**Exercise aim:**
Could you restate, exactly and with nothing added, the lines from the start of the data through the line that holds "Během posledních dvou", leaving the pictures out?

**The data:**
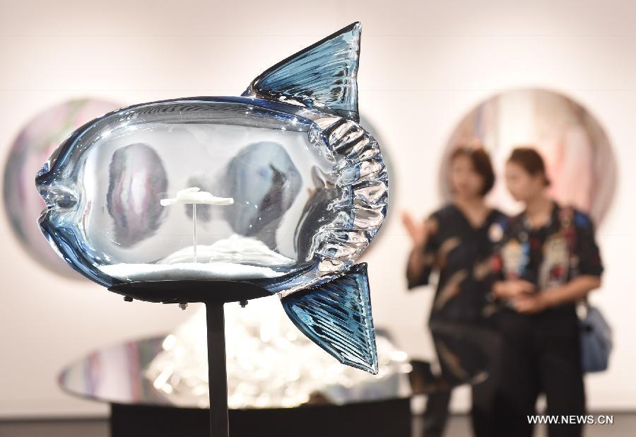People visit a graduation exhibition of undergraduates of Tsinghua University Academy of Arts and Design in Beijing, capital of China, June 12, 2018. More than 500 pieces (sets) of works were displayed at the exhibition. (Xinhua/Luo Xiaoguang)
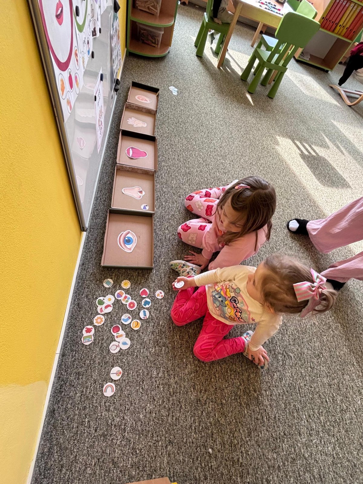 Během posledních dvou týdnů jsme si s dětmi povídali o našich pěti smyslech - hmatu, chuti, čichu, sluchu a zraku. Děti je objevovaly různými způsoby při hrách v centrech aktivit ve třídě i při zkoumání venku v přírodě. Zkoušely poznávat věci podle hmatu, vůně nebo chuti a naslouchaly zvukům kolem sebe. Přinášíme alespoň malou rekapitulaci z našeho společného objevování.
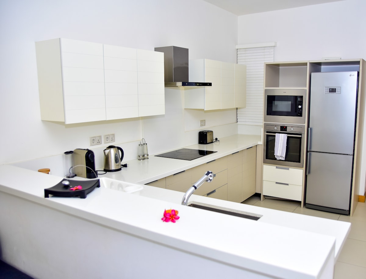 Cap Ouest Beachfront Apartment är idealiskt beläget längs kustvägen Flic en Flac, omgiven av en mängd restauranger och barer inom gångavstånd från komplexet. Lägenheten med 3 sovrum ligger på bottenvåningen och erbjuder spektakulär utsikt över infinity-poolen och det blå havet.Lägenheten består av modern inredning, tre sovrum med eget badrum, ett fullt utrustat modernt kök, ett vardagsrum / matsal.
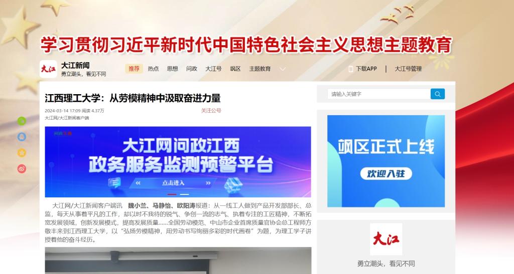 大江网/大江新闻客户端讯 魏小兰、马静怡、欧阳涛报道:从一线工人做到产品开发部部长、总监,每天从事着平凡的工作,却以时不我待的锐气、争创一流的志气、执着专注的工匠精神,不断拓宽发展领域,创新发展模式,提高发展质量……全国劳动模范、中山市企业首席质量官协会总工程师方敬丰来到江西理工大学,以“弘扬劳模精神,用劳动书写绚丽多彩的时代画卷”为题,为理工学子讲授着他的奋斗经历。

**Answer section:**
People visit a graduation exhibition of undergraduates of Tsinghua University Academy of Arts and Design in Beijing, capital of China, June 12, 2018. More than 500 pieces (sets) of works were displayed at the exhibition. (Xinhua/Luo Xiaoguang)
 Během posledních dvou týdnů jsme si s dětmi povídali o našich pěti smyslech - hmatu, chuti, čichu, sluchu a zraku. Děti je objevovaly různými způsoby při hrách v centrech aktivit ve třídě i při zkoumání venku v přírodě. Zkoušely poznávat věci podle hmatu, vůně nebo chuti a naslouchaly zvukům kolem sebe. Přinášíme alespoň malou rekapitulaci z našeho společného objevování.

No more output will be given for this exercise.